Claas Relotius’ Reportagen sind unglaublich detailliert ausrecherchiert und eindringlich geschildert und fast schon als Literatur zu bezeichnen. (Aus der Laudatio des Jurors Gero von Boehm bei der Verleihung des Reemtsma Liberty Award 2017)

Eben. Fast schon Literatur. Die Subjektivität ist ja eh eingepreist, ist ja eh konstituierendes Stilmittel bei der “Königsdisziplin” Reportage.

Die Reportage stellt ein spezielles Ereignis oder ein Geschehen so dar, wie es die Autorin/der Autor miterlebt hat und wahrnimmt, um es den Leserinnen und Lesern auch emotional nahezubringen. (Bayerischer Rundfunk: Journalistische Textsorten)

Und natürlich lernt man als junge(r), aufstrebende(r) Journalist(in) auf den entsprechenden Journalistenschulen, bei den Voluntariaten der Zeitungen und Sender, wie das handwerklich gemacht wird.

Generell gibt es keine Standardstruktur oder Musterlösungen für eine gute Reportage, doch lässt sie sich grob in drei Bereiche gliedern: Einstieg, Hauptteil und Ausstieg. Für den Einstieg eignen sich besondere Szenen. Sie sollten den Leser neugierig machen und möglichst Ort, Zeit und handelnde Personen einzuführen. (Journalist-werden.de: Schreibwerkstatt, Teil 3)

So zum Beispiel:

An einem Dienstagmorgen im Januar, vier Tage nachdem Donald Trump als Präsident der Vereinigten Staaten vereidigt worden ist, steht neben dem Willkommensschild am Ortseingang noch ein zweites Schild, halb so hoch, aber kaum zu übersehen. Jemand muss es in der Dunkelheit aufgestellt haben. Auf diesem Schild, aus dickem Holz in den gefrorenen Boden getrieben, steht in großen, aufgemalten Buchstaben: “Mexicans Keep Out” – Mexikaner, bleibt weg. (Claas Relotius, “Wo sie sonntags für Trump beten“)

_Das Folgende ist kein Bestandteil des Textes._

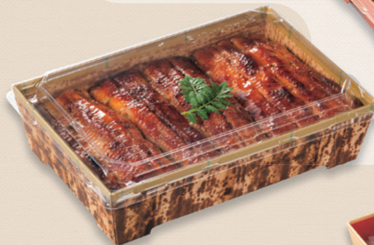
うな重 SKS 17-12(43) 竹皮 / 浅蓋

Super; nur, dass der Reporter sich das Schild ausgedacht (wieso gab es eigentlich kein Foto davon, und wieso hat die Spiegel-Doku-Abteilung danach eigentlich nicht gefragt oder nachgeforscht?) und noch so ein paar andere Sachen erfunden hat. In den Reportagen von Claas Relotius gibt es offenbar auch als immer wiederkehrendes Stilmittel Musik: Lieder, Songs, die die Protagonisten vielsagend oder rührend selbst anstimmen oder – natürlich, darunter geht’s nicht – in einer Endlosschleife hören. Anscheinend momentan ein regelrechter Fake-Marker bei seinen Stücken. Ansonsten natürlich: Handwerkszeug.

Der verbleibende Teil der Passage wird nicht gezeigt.